Какой же вопрос первым делом возникнет у двух человек, очутившихся на планете, где царит Утопия-модерн? Думаю, вопрос своих личных свобод, поставленный наисерьезнейшим образом. По отношению к чужеземцам, как я уже замечал, утопии прошлого вели себя не особо любезно. Будет ли этот новый вид утопического государства, раскинувшегося на весь мир, менее опасным?

Мы должны утешаться мыслью, что всеобщая терпимость, безусловно, является идеей, отвечающей модерну, и именно на модернистских идеях зиждется это Мировое Государство. Но даже если предположить, что нас терпят и принимают как «временных граждан», все-таки нельзя списывать со счетов разного рода непредвиденные случайности. Поэтому исследуем главные принципы утопического государства, всесторонне обсудив возможные компромиссы свобод и затронув вопрос на уровне противопоставления человека государственной машине.
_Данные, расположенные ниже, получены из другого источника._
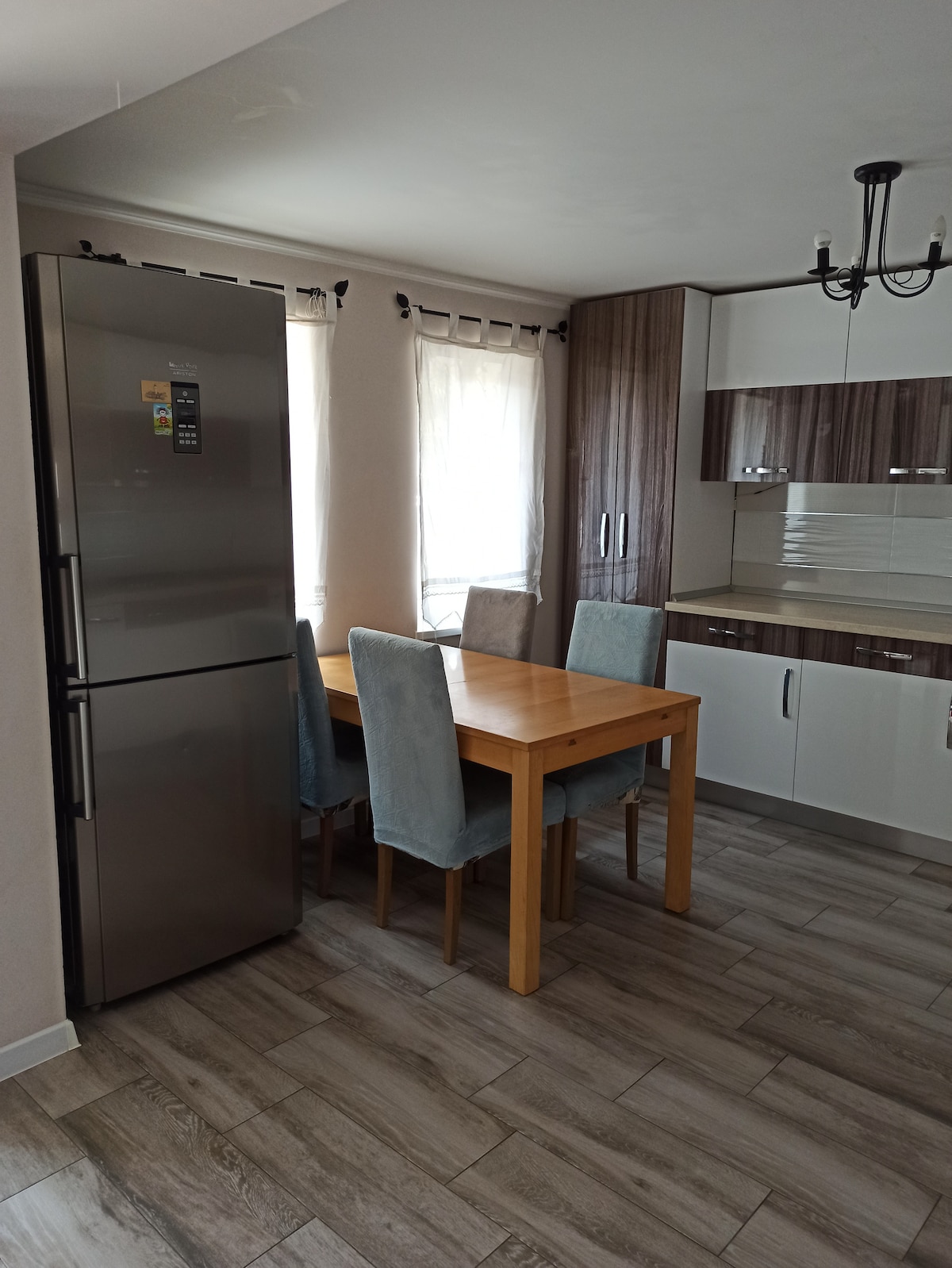 キッチン、オープンスペースタイプ、寝室、バスルーム、廊下、寛大なテラスなど、インテリジェントに仕切られた2部屋のアパート。 アパートには独自の暖房ユニットがあり、床暖房、エアコン、シャワー付きバスルーム、スマートテレビ、Wi - Fiがあります。 専用キッチン(オープンスペース)は設備が整っており(ガスコンロ、電気オーブン、冷蔵庫、乾燥機付き洗濯機)、リラックスできるダイニングスペースが完備されています。 リビングには固定ソファが備わっています。 バスルームにはシャワーがあります。

Идея индивидуальной свободы приобретает все больше смысла и веса с каждым витком развития современной мысли. Для классических утопистов свобода была относительно проста – ведь «добродетель» и «счастье» были для них обособленными от нее понятиями, да и просто более важными вещами. Но актуальная точка зрения, с растущим упором на индивидуальность и ее значение для человека, неуклонно увеличивает ценность свободы, пока, наконец, мы не начинаем видеть в свободе самую суть жизни – ведь лишь неживая материя, лишенная всякого выбора, живет в абсолютном подчинении закону. Располагать свободой действий для своей индивидуальности – это, с современной точки зрения, субъективный триумф существования, в той же мере, как победа над смертью через творчество и потомство – его объективный триумф. Но, памятуя о том, что человек – существо социальное, нельзя не отметить, что воля каждого индивидуума не равноценна абсолютной общественной свободе.

Совершенная человеческая свобода возможна только для деспота, которому абсолютно все подчиняются. Тогда «хотеть» означало бы «повелевать» и «добиваться», и в пределах естественного закона мы могли бы в любой момент делать именно то, что нам угодно. Всякая другая свобода есть компромисс между нашей собственной свободой воли и волей тех, с кем мы взаимодействуем. В «организованном» состоянии у каждого из нас есть более или менее сложный кодекс того, что он может делать с другими и с собой и что другие могут делать с ним. Индивидуум ограничивает других своими правами и сам ограничен правами других и соображениями, затрагивающими благополучие общества в целом.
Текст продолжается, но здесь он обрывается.